» **What you need to do**:
Go through the listing and set it down exactly, leaving out its pictures.

» **Records**:
====

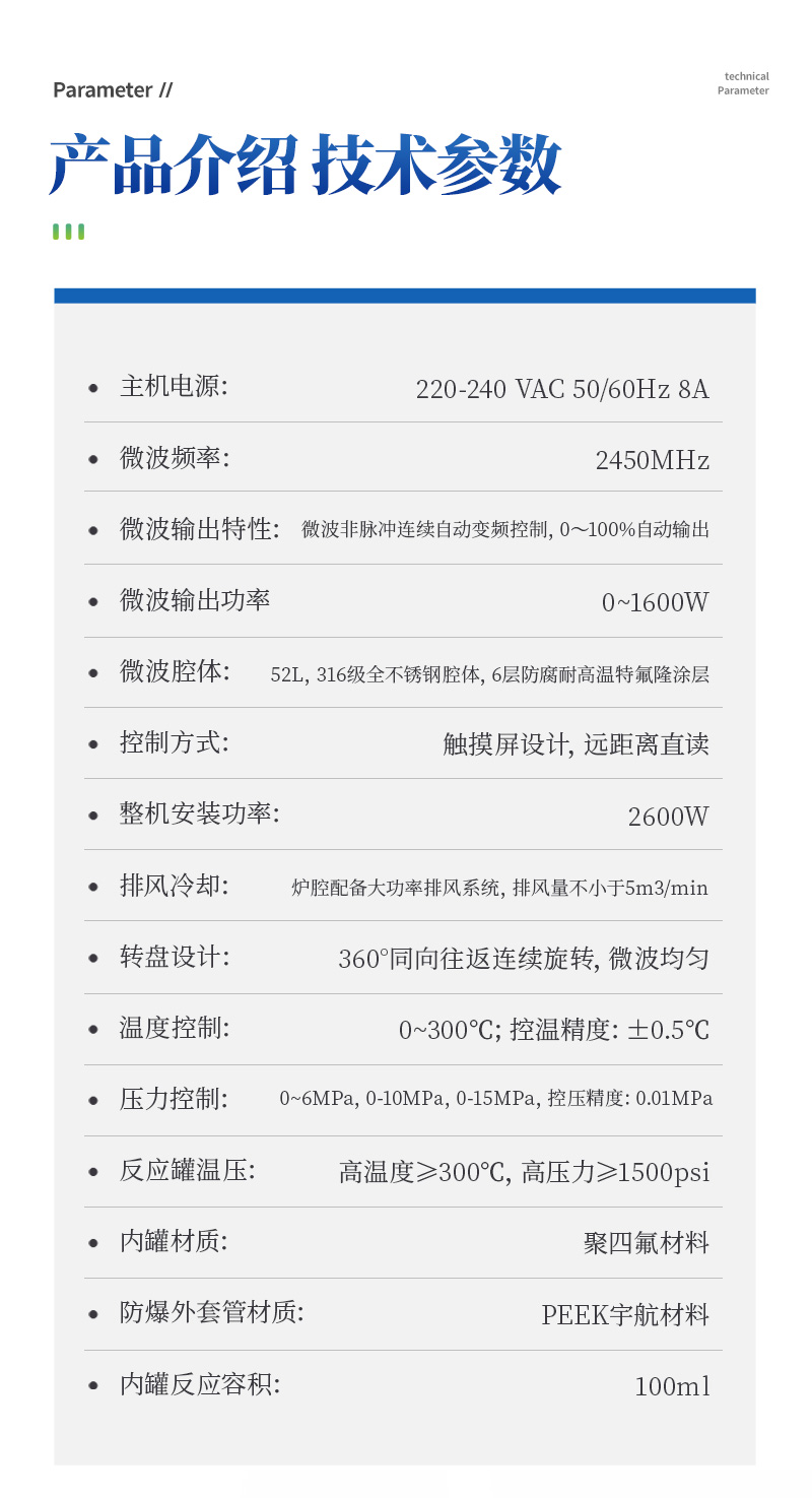 主機(jī)參數(shù);1.1電 源:220-240 VAC 50/60Hz 8A ;微波頻率:2450MHz;整機(jī)安裝功率:2600W;(1)電源要求:220 VAC 50 Hz 15A;(2)微波源:(3)微波輸出功率 :0~1600W;(4)微波輸出特性:微波非脈沖連續(xù)自動(dòng)變頻控制,0~100%自動(dòng)輸出;(5)微波均勻性:垂直雙向波導(dǎo)設(shè)計(jì),三維輸出技術(shù),匹配諧波功頻實(shí)現(xiàn)了高度的場均勻性;(6)微波腔體:52L,316級全不銹鋼腔體,6層防腐耐高溫特氟隆涂層;(7)自鎖式緩沖防爆爐門,在危險(xiǎn)出現(xiàn)時(shí)能自動(dòng)提前釋放橫向壓力沖擊,確保操作人員人身安全和爐門結(jié)構(gòu)  完整無損;(8)排風(fēng)和冷卻系統(tǒng):爐腔配備大功率排風(fēng)系統(tǒng),各種反應(yīng)可在通風(fēng),安全和易于觀察的環(huán)境下長時(shí)間連續(xù)進(jìn)行。爐腔通風(fēng)采用耐酸蝕,大風(fēng)量離心式風(fēng)機(jī),排風(fēng)量不小于5m3/min;爐腔內(nèi)具有風(fēng)冷功能,持續(xù)為反應(yīng)罐降溫,溫度和壓力實(shí)時(shí)顯示。(9)轉(zhuǎn)盤設(shè)計(jì):360°同向往返連續(xù)旋轉(zhuǎn),微波均勻,保證各個(gè)樣品微波環(huán)境相同,提高實(shí)驗(yàn)結(jié)果的一致性。(10)控制方式:觸摸屏設(shè)計(jì),8寸TFT-LED(800X480彩)大屏幕顯示,遠(yuǎn)距離直讀反應(yīng)進(jìn)程,實(shí)時(shí)顯示密閉反應(yīng)罐溫度、壓力,并可實(shí)時(shí)顯示溫壓曲線;(11)操作語言:中文簡體(12)自動(dòng)保護(hù)功能:具有故障自檢系統(tǒng);當(dāng)控溫和控壓中某一系統(tǒng)失靈時(shí),儀器會(huì)自動(dòng)切斷微波發(fā)射,并且報(bào)警;
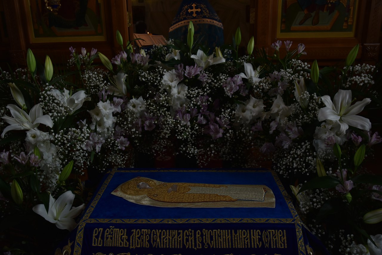 27 августа в храме святого праведного Иоанна Кронштадтского по традиции, принятой в Церкви, было совершено всенощное бдение с чином выноса из алтаря Плащаницы с изображением усопшей Божией Матери, а 28-го августа – Божественная литургия. Настоятель храма благочинный Красносельского округа протоиерей Михаил Подолей сердечно поздравил всех прихожан с праздником Успения Пресвятой Богородицы и в своей проповеди обратил внимание на смысл этого события для человека: «Событием Успения Богоматери Церковь учит нас, что физическая смерть не есть ещё уничтожение нашего бытия, а является переходом в иную жизнь, в жизнь вечную, является переходом от тления и разрушения к вечному бессмертию. Поэтому Святая Церковь в песнопениях сегодняшнего дня призывает нас радоваться и тем самым напоминает нам, что Христос Своей смертью разрушил жало смерти и для Своих верных последователей сделал ее радостной и блаженной».
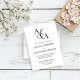 Personalize este convite de casamento elegante usando seringas e iniciais. Inclua os detalhes do seu casamento abaixo em letras negras refinadas e modernas. Este clássico design preto e branco é uma bela opção para casamentos formais durante todo o ano.
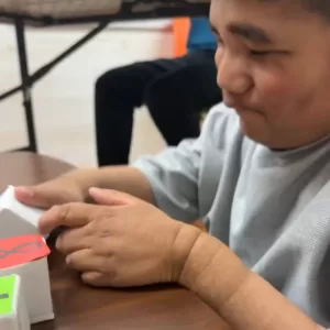 なかなかうまくいかないけど、両手を使って挑戦し続けるA君(⋈◍>◡<◍)。✧♡
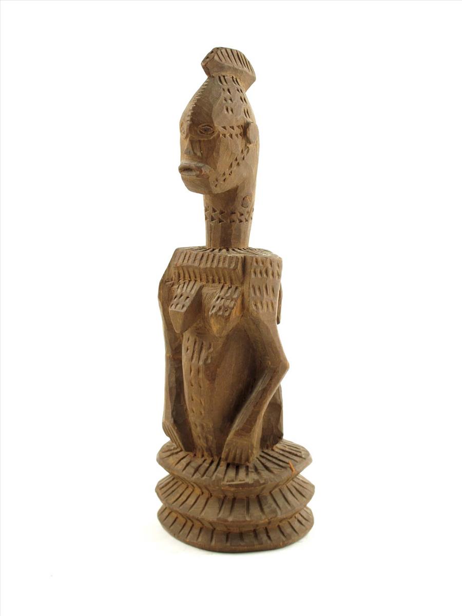 An Idoma wood maternity figure, River Confluence Valley, with allover chip decoration, with a single crest coiffure and pouting lips, her back with a child having two pair of arms, white inventory number 281, remains of a handwritten paper label and black inventory number 34, 12in (30.5cm) high.
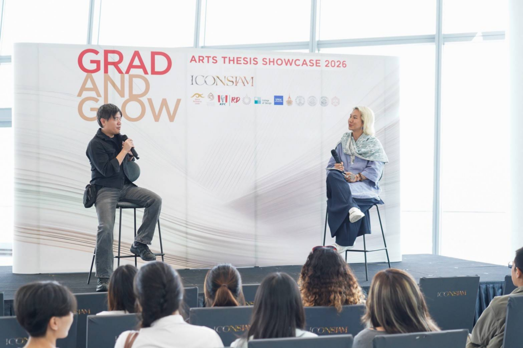 ไอคอนสยาม จึงได้ร่วมกับ กองทุนส่งเสริมศิลปะร่วมสมัย สํานักงานศิลปวัฒนธรรมร่วมสมัย (สศร.) กระทรวงวัฒนธรรม และ KFC ในเครือ RD (เรสเทอรองตส์ ดีเวลลอปเม้นท์ จำกัด) จัดงาน Grad & Glow Arts Thesis Showcase 2026 ต่อเนื่องเป็นปีที่ 2 เปิดพื้นที่ให้นักศึกษา จากมหาวิทยาลัยต่างๆ ร่วมจัดแสดงผลงานศิลปนิพนธ์ โดยปีนี้มีมหาวิทยาลัยที่เข้าร่วม ได้แก่ วิทยาลัยเพาะช่าง มหาวิทยาลัยเทคโนโลยีราชมงคลรัตนโกสินทร์ มหาวิทยาลัยศิลปากร มหาวิทยาลัยรังสิต จุฬาลงกรณ์มหาวิทยาลัย และมหาวิทยาลัยหอการค้าไทย พร้อมกันนี้ ไอคอนสยาม ได้เชิญ 7 Exclusive Speakers ได้แก่ คุณชิน ศิรชัย อรุณรักษ์ติชัย, คุณกอล์ฟ รัฐวุฒิ ชัยวงศ์ขจร, หม่อมหลวงจิราธร จิรประวัติ, คุณยูน ปัณพัท เตชเมธากุล, ครูเพียง ณัฐฐานิตา กาญจนชัยพิวัฒน์, คุณปริญญา ศิริสินสุข (Benzilla) และ POD ธนชัย อุชชิน ผู้ขับเคลื่อนโลกศิลปะร่วมสมัย ซึ่งจะมาร่วมถ่ายทอดประสบการณ์การทำงาน และสร้างแรงบันดาลใจให้กับน้องๆ นักศึกษาในการต่อยอดผลงานสู่เวทีระดับโลกต่อไป

====

» **The answer**:
 主機(jī)參數(shù);1.1電 源:220-240 VAC 50/60Hz 8A ;微波頻率:2450MHz;整機(jī)安裝功率:2600W;(1)電源要求:220 VAC 50 Hz 15A;(2)微波源:(3)微波輸出功率 :0~1600W;(4)微波輸出特性:微波非脈沖連續(xù)自動(dòng)變頻控制,0~100%自動(dòng)輸出;(5)微波均勻性:垂直雙向波導(dǎo)設(shè)計(jì),三維輸出技術(shù),匹配諧波功頻實(shí)現(xiàn)了高度的場均勻性;(6)微波腔體:52L,316級全不銹鋼腔體,6層防腐耐高溫特氟隆涂層;(7)自鎖式緩沖防爆爐門,在危險(xiǎn)出現(xiàn)時(shí)能自動(dòng)提前釋放橫向壓力沖擊,確保操作人員人身安全和爐門結(jié)構(gòu)  完整無損;(8)排風(fēng)和冷卻系統(tǒng):爐腔配備大功率排風(fēng)系統(tǒng),各種反應(yīng)可在通風(fēng),安全和易于觀察的環(huán)境下長時(shí)間連續(xù)進(jìn)行。爐腔通風(fēng)采用耐酸蝕,大風(fēng)量離心式風(fēng)機(jī),排風(fēng)量不小于5m3/min;爐腔內(nèi)具有風(fēng)冷功能,持續(xù)為反應(yīng)罐降溫,溫度和壓力實(shí)時(shí)顯示。(9)轉(zhuǎn)盤設(shè)計(jì):360°同向往返連續(xù)旋轉(zhuǎn),微波均勻,保證各個(gè)樣品微波環(huán)境相同,提高實(shí)驗(yàn)結(jié)果的一致性。(10)控制方式:觸摸屏設(shè)計(jì),8寸TFT-LED(800X480彩)大屏幕顯示,遠(yuǎn)距離直讀反應(yīng)進(jìn)程,實(shí)時(shí)顯示密閉反應(yīng)罐溫度、壓力,并可實(shí)時(shí)顯示溫壓曲線;(11)操作語言:中文簡體(12)自動(dòng)保護(hù)功能:具有故障自檢系統(tǒng);當(dāng)控溫和控壓中某一系統(tǒng)失靈時(shí),儀器會(huì)自動(dòng)切斷微波發(fā)射,并且報(bào)警;
 27 августа в храме святого праведного Иоанна Кронштадтского по традиции, принятой в Церкви, было совершено всенощное бдение с чином выноса из алтаря Плащаницы с изображением усопшей Божией Матери, а 28-го августа – Божественная литургия. Настоятель храма благочинный Красносельского округа протоиерей Михаил Подолей сердечно поздравил всех прихожан с праздником Успения Пресвятой Богородицы и в своей проповеди обратил внимание на смысл этого события для человека: «Событием Успения Богоматери Церковь учит нас, что физическая смерть не есть ещё уничтожение нашего бытия, а является переходом в иную жизнь, в жизнь вечную, является переходом от тления и разрушения к вечному бессмертию. Поэтому Святая Церковь в песнопениях сегодняшнего дня призывает нас радоваться и тем самым напоминает нам, что Христос Своей смертью разрушил жало смерти и для Своих верных последователей сделал ее радостной и блаженной».
 Personalize este convite de casamento elegante usando seringas e iniciais. Inclua os detalhes do seu casamento abaixo em letras negras refinadas e modernas. Este clássico design preto e branco é uma bela opção para casamentos formais durante todo o ano.
 なかなかうまくいかないけど、両手を使って挑戦し続けるA君(⋈◍>◡<◍)。✧♡
 An Idoma wood maternity figure, River Confluence Valley, with allover chip decoration, with a single crest coiffure and pouting lips, her back with a child having two pair of arms, white inventory number 281, remains of a handwritten paper label and black inventory number 34, 12in (30.5cm) high.
 ไอคอนสยาม จึงได้ร่วมกับ กองทุนส่งเสริมศิลปะร่วมสมัย สํานักงานศิลปวัฒนธรรมร่วมสมัย (สศร.) กระทรวงวัฒนธรรม และ KFC ในเครือ RD (เรสเทอรองตส์ ดีเวลลอปเม้นท์ จำกัด) จัดงาน Grad & Glow Arts Thesis Showcase 2026 ต่อเนื่องเป็นปีที่ 2 เปิดพื้นที่ให้นักศึกษา จากมหาวิทยาลัยต่างๆ ร่วมจัดแสดงผลงานศิลปนิพนธ์ โดยปีนี้มีมหาวิทยาลัยที่เข้าร่วม ได้แก่ วิทยาลัยเพาะช่าง มหาวิทยาลัยเทคโนโลยีราชมงคลรัตนโกสินทร์ มหาวิทยาลัยศิลปากร มหาวิทยาลัยรังสิต จุฬาลงกรณ์มหาวิทยาลัย และมหาวิทยาลัยหอการค้าไทย พร้อมกันนี้ ไอคอนสยาม ได้เชิญ 7 Exclusive Speakers ได้แก่ คุณชิน ศิรชัย อรุณรักษ์ติชัย, คุณกอล์ฟ รัฐวุฒิ ชัยวงศ์ขจร, หม่อมหลวงจิราธร จิรประวัติ, คุณยูน ปัณพัท เตชเมธากุล, ครูเพียง ณัฐฐานิตา กาญจนชัยพิวัฒน์, คุณปริญญา ศิริสินสุข (Benzilla) และ POD ธนชัย อุชชิน ผู้ขับเคลื่อนโลกศิลปะร่วมสมัย ซึ่งจะมาร่วมถ่ายทอดประสบการณ์การทำงาน และสร้างแรงบันดาลใจให้กับน้องๆ นักศึกษาในการต่อยอดผลงานสู่เวทีระดับโลกต่อไป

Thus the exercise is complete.